Jacquelyn Martin/AP Photo
Federal Reserve Chair Jerome Powell speaks during a news conference earlier today at the Federal Reserve Board Building in Washington.
The Federal Reserve Board’s policy-setting Federal Open Market Committee, as expected, raised short-term interest rates another half-point. In the Fed’s official statement, there was no acknowledgment that inflationary pressures have been easing. Even the lower-than-expected increase in the Consumer Price Index, released yesterday, tempered neither the Fed’s action nor its rhetoric.
On the contrary, the Fed doubled down on its explicit commitment to bring inflation all the way down to 2 percent, a level that more and more economists consider unnecessary and unattainable except at grave costs to the real economy. But the statement flatly declared, “The Committee is strongly committed to returning inflation to its 2 percent objective.”
The Fed also explicitly committed itself to further rate increases: “The Committee anticipates that ongoing increases in the target range will be appropriate in order to attain a stance of monetary policy that is sufficiently restrictive to return inflation to 2 percent over time.”
The Fed’s target short-term interest rate is now set at 4.25 to 4.5 percent, the highest that it’s been since 2007. Median GDP growth is projected to be just 0.5 percent this year and next, or just above recession level.
Even worse, the vote was unanimous. Although some members of the FOMC, such has Fed Governor Lael Brainard, Boston Fed President Susan Collins, and Kansas City Fed President Esther George, have spoken of the need to temper the Fed’s ultra-hawkish rate hikes, all of them voted for today’s action.

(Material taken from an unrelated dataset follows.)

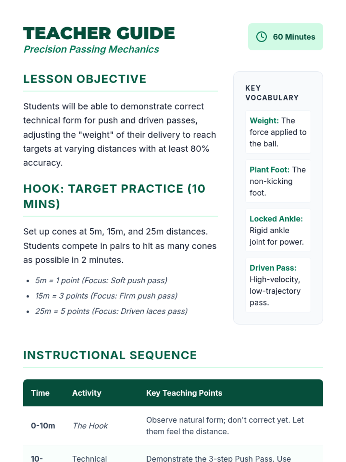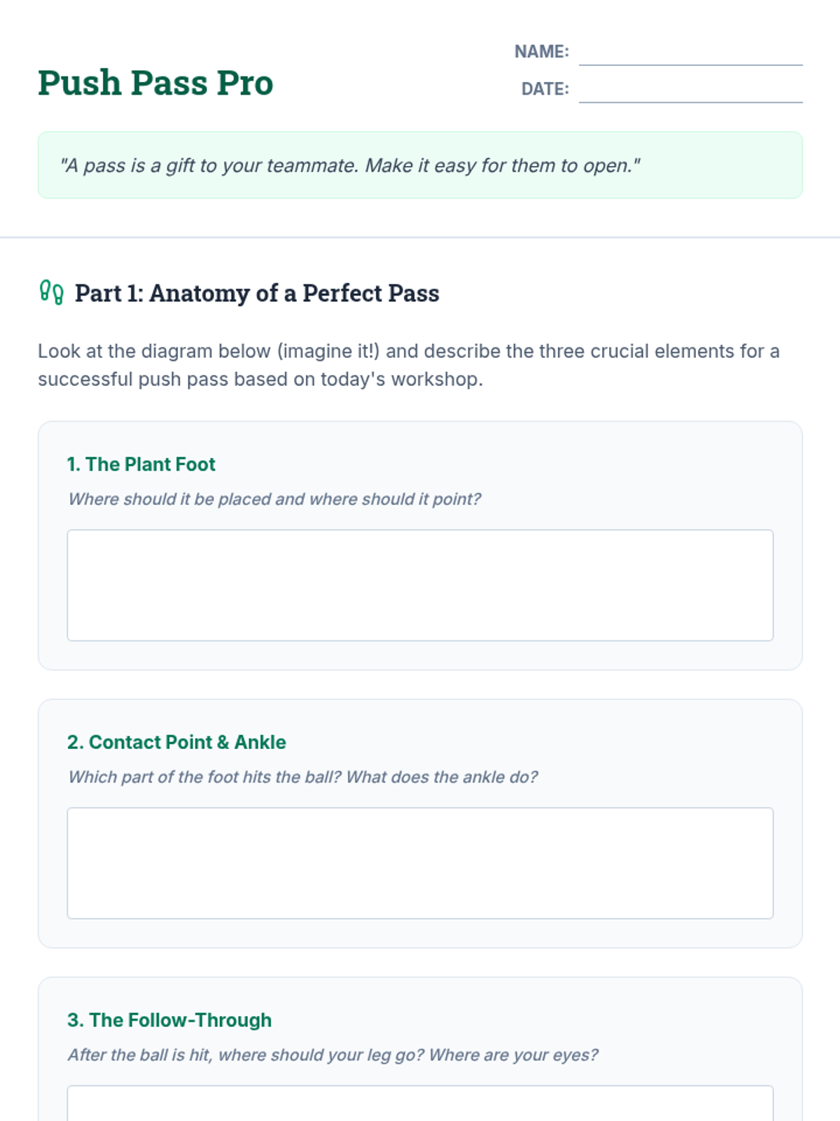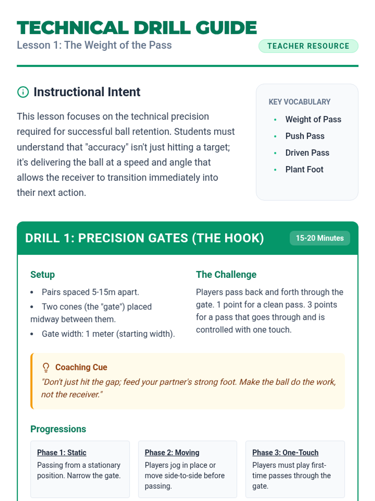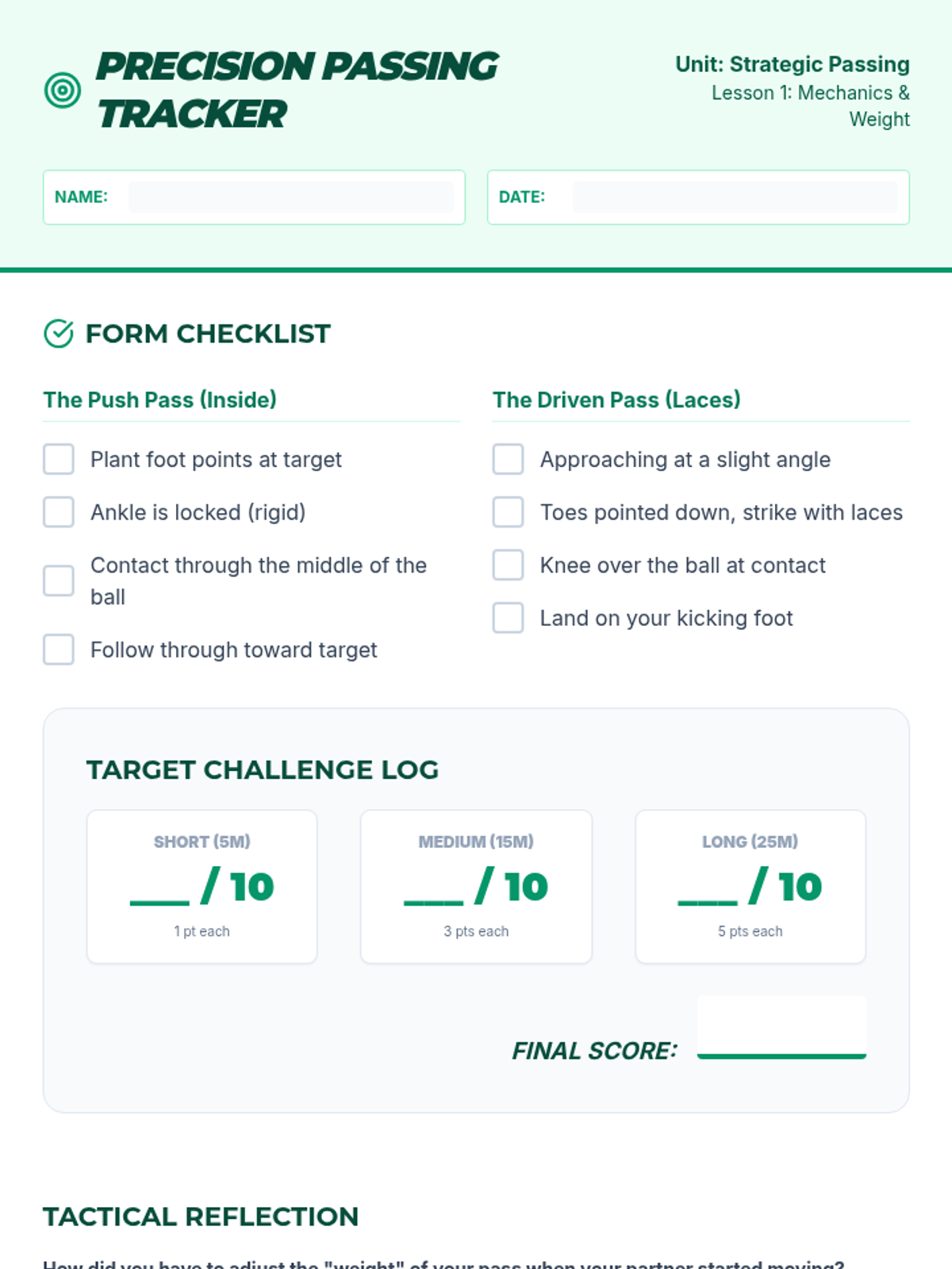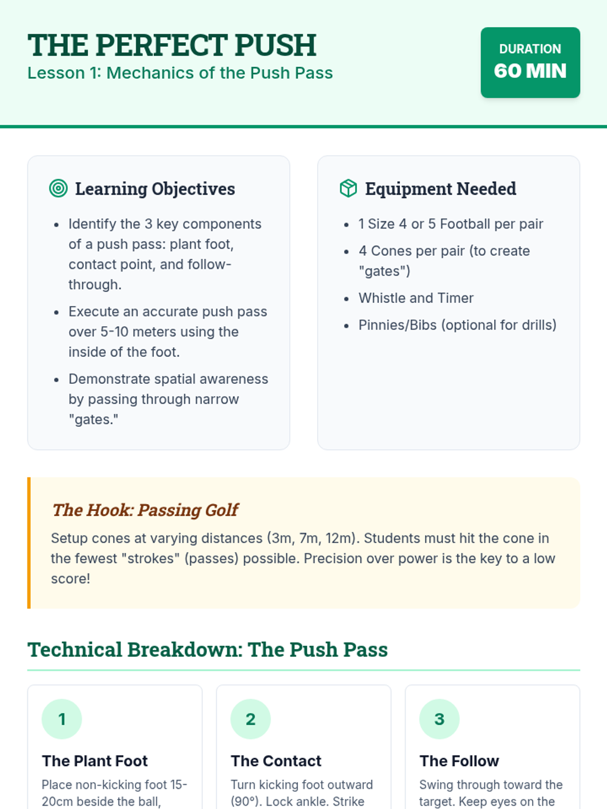 This unit moves students from individual technical mastery of the push pass and first touch to complex tactical application in combination play and possession games. Emphasis is placed on biomechanics, spatial awareness, and the 'language' of passing to build a cohesive team unit.

In the Fed culture, the peer pressure against dissent is immense.
The Fed forecast that the Personal Consumption Expenditures price index (its preferred inflation index), slightly different from the CPI, will still be at 3.5 percent next year, and 2.5 percent in 2024. That’s above their target of 2 percent—which is used as justification for the Fed to keep crushing the economy.

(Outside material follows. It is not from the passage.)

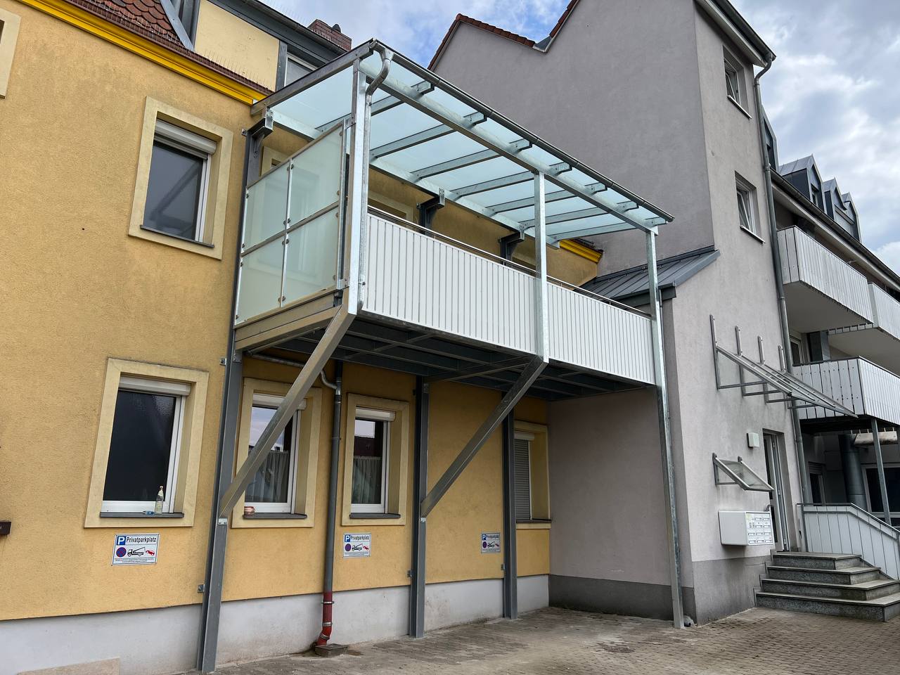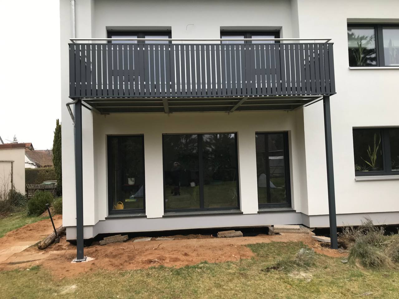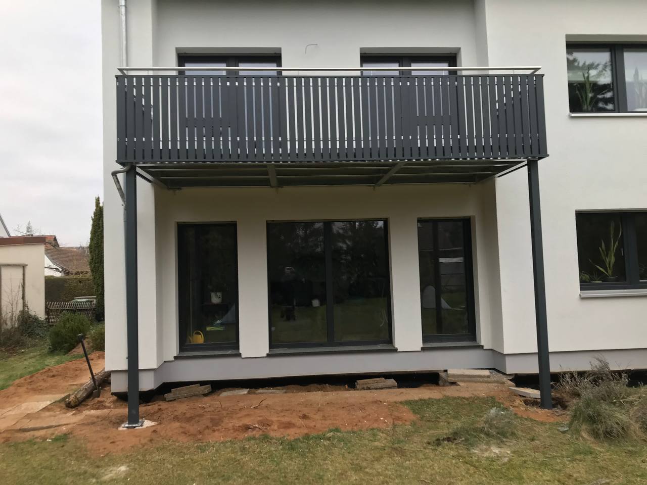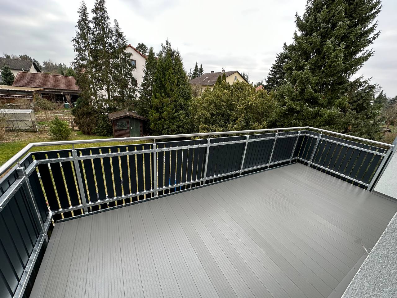 Das Geländer besteht aus einem feuerverzinkten (wahlweise pulverbeschichteten) Grundrahmen auf welchem senkrecht oder waagerecht Kunststoffprofile in RAL oder DB befestigt sind.

Speaking at a press conference immediately following the Fed’s two-day meeting, Chair Jay Powell said, with satisfaction, “Unemployment is projected to rise to 4.6 percent next year.”
“We are not at a sufficiently restrictive policy stance yet,” he added. “We still see a very strong labor market,” Powell said with regret.
He did hint that the Fed might be open to slower rates of increase, possibly a quarter-point at each meeting rather than a half- or three-quarter-point hike. This may have been a concession to the relative doves on the Open Market Committee.
Reporting on the Fed’s decision, Powell did not say one word about supply shocks. Given that supply constraints were the main drivers of inflation, that omission was appalling. Nor did the elite financial press—the reporters from The New York Times, Wall Street Journal, CNBC, Reuters, Financial Times—ask any questions on supply chains. Thus the echo chamber of the Fed culture, including the tame media that covers it.
Talleyrand is said to have remarked of the Bourbon dynasty, which was restored after the defeat of Napoleon, “They have learned nothing and forgotten nothing.” The Bourbons were open-minded compared to Jay Powell.